Before going any farther, I do think this question is posed a bit problematically in the way it conflates the first political parties which emerged under the Washington Administration (the Federalist Party and the Democratic-Republicans) with the Federalist Debates, which surrounded ratification of the Constitution. While we can assume an overlap between the two, they remain separate in contexts, surrounding different issues and political questions. This fact is well illustrated in the example of James Madison, who was among the leading supporters of the Constitution, as well as one of the leaders of the Democratic-Republican Party. Thus, if we were to look at the earlier ratification debates, he would be counted among the Federalists, but if we were to look towards the evolution of the first political parties, he'd count as a Democratic-Republican. With this in mind, a distinction needs to be made: when we speak about the Federalists and the anti-Federalists, and when we speak about the Federalists and the Democratic-Republicans, we are actually talking about two different things.
In many respects, I'd certainly agree that both sides of that distinction were shaped by concerns about the centralization of power (and its risks vs. its advantages). In the earlier Federalist Debates, the question centered around whether the new, more centralized government represented by the Constitution should be adopted at all. The first political parties, on the other hand, ultimately evolved within the context of governing within that Constitutional Framework. In this context, the Democratic-Republican Party favored the constraint of Federal Power and argued in favor of Strict Constitutionalism, while we might suggest that the Federalist Party, tended to support the opposite. We can then certainly see a connection (in that the entire post-Revolutionary War period was one strongly shaped by concerns about tyranny and the centralization of power), but even so, we're looking at different contexts, with one debate concerning whether or not this new system of government should be adopted and the other concerned with how politics should operate within a system which (by this point) is already being put in place.

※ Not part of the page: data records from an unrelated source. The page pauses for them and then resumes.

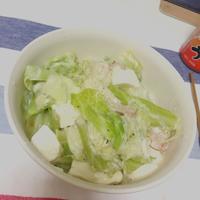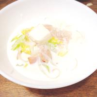 - 1 白菜を3センチ幅に切ります。木綿豆腐を食べやすい大きさに切ります。薄切りハーフベーコンを1センチ幅に切ります。ニンニクをみじん切りにします。
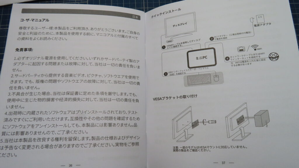 説明書はシンプル!でもVesaマウント対応は嬉しい💕
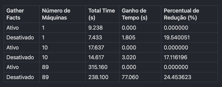 Os resultados indicam que, ao desabilitar o gather_facts, a redução no tempo de execução é proporcionalmente mais significativa com o aumento do número de máquinas. Embora o tempo economizado seja menor em termos absolutos para um pequeno número de máquinas, ele se torna substancialmente mais relevante em ambientes maiores, onde a coleta de facts em cada host pode se tornar um gargalo.
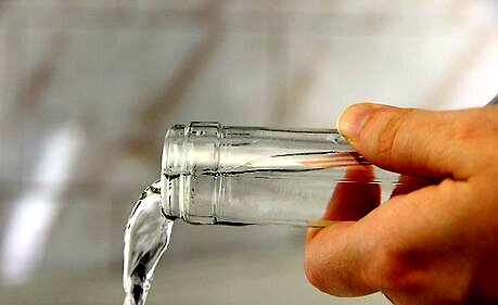 Hold a spoon upside down inside the glass, just above the Kahlua. The tip should be touching the wall of the glass, just above the Kahlua. The handle of the spoon should be resting on the rim of the glass. The dome of the spoon should be facing upwards. Some people find that it is easier if the spoon tip is just touching the Kahlua. Other people find it easier if it is just above it. Use whatever works best for you.
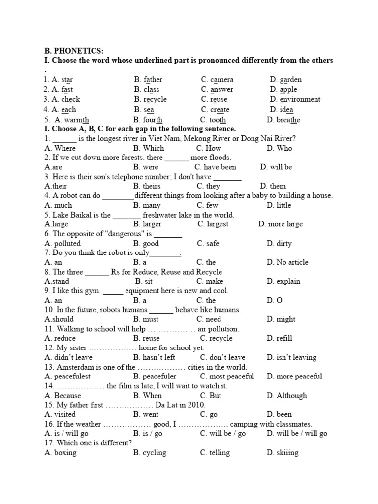 7. A. pollute B. polluted C. polluting
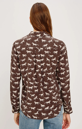 The equestrian vibes have taken over fall and we are here for it. The Kate is an ultra-soft, washed silk button-down that can be styled up or down with your everyday looks. Featuring a front full button down style, long sleeves, collared neck and loose fit. Style with light wash denim and boots for a chic fall look.
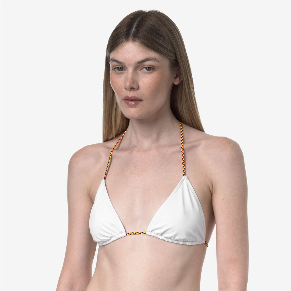 Etre è un bikini da donna dalla linea femminile che esalta la silhouette, composto da un reggiseno a triangolo e uno slip con laccetti intrecciati nei colori iconici del brand. Il modello è realizzato in tessuto tecnico ad asciugatura rapida con fodera interna e logo bianco stampato sul fianco.
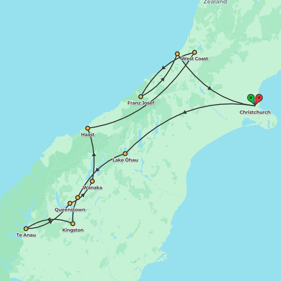 From Christchurch to Queenstown and the West Coast, this South Island adventure blends alpine lakes, an included Milford Sound cruise and time to choose your own thrills.
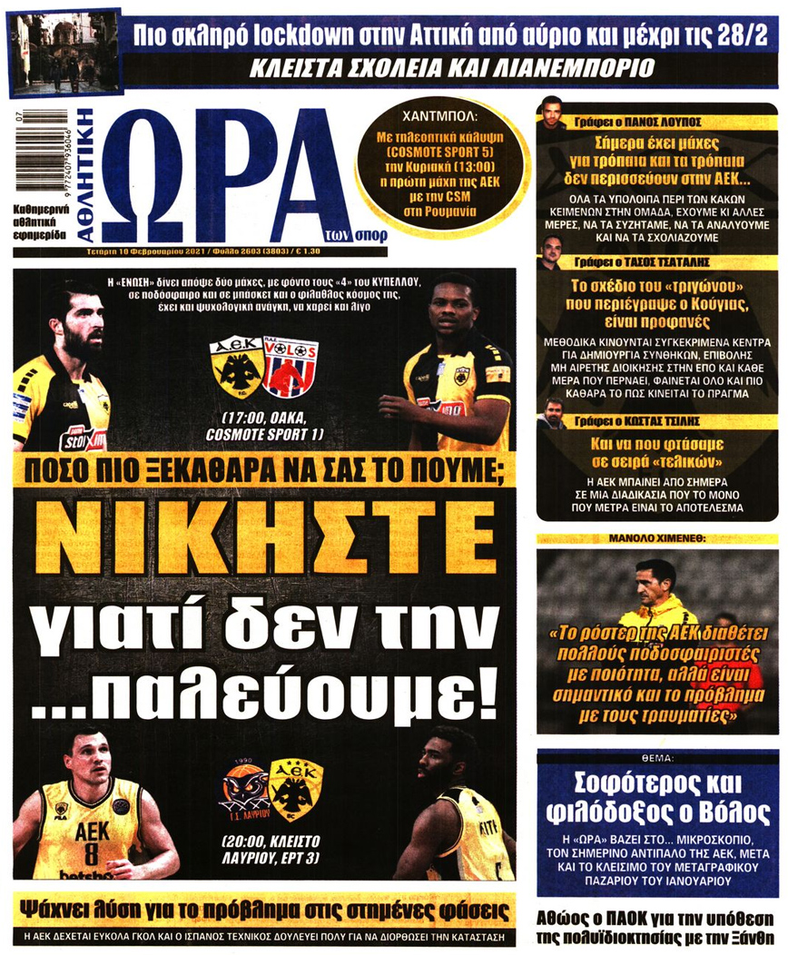 Το πρωτοσέλιδο της «Ώρας των Σπορ», που ασχολείται με το ρεπορτάζ της Ένωσης, είναι χαρακτηριστικό για τα συναισθήματα με τα οποία οι υποστηρικτές του συλλόγου υποδέχονται τα δύο αυτά παιχνίδια. «Νικήστε, γιατί δεν την παλεύουμε», είναι η παράκληση προς τις δύο ομάδες, με τα ματς τους να έρχονται λίγες ώρες μετά τις εξαγγελίες για lockdown στην Αττική.

In any case, when you select an amendment from the Bill of Rights and begin to analyze it, I'd suggest you think about the concerns which would have shaped the inclusion of the Amendment. Consider that, if a certain behavior is constitutionally protected, if there are explicit limits as to what the government can and cannot do, that means there must be a concern that the government might one day breach that right. Think on what this suggests about the concerns of the post-Revolutionary generations, and what they might be worried about politically. I'd also suggest you think carefully about the longer arc of US history and try to fit this amendment and your understanding of it within that larger context.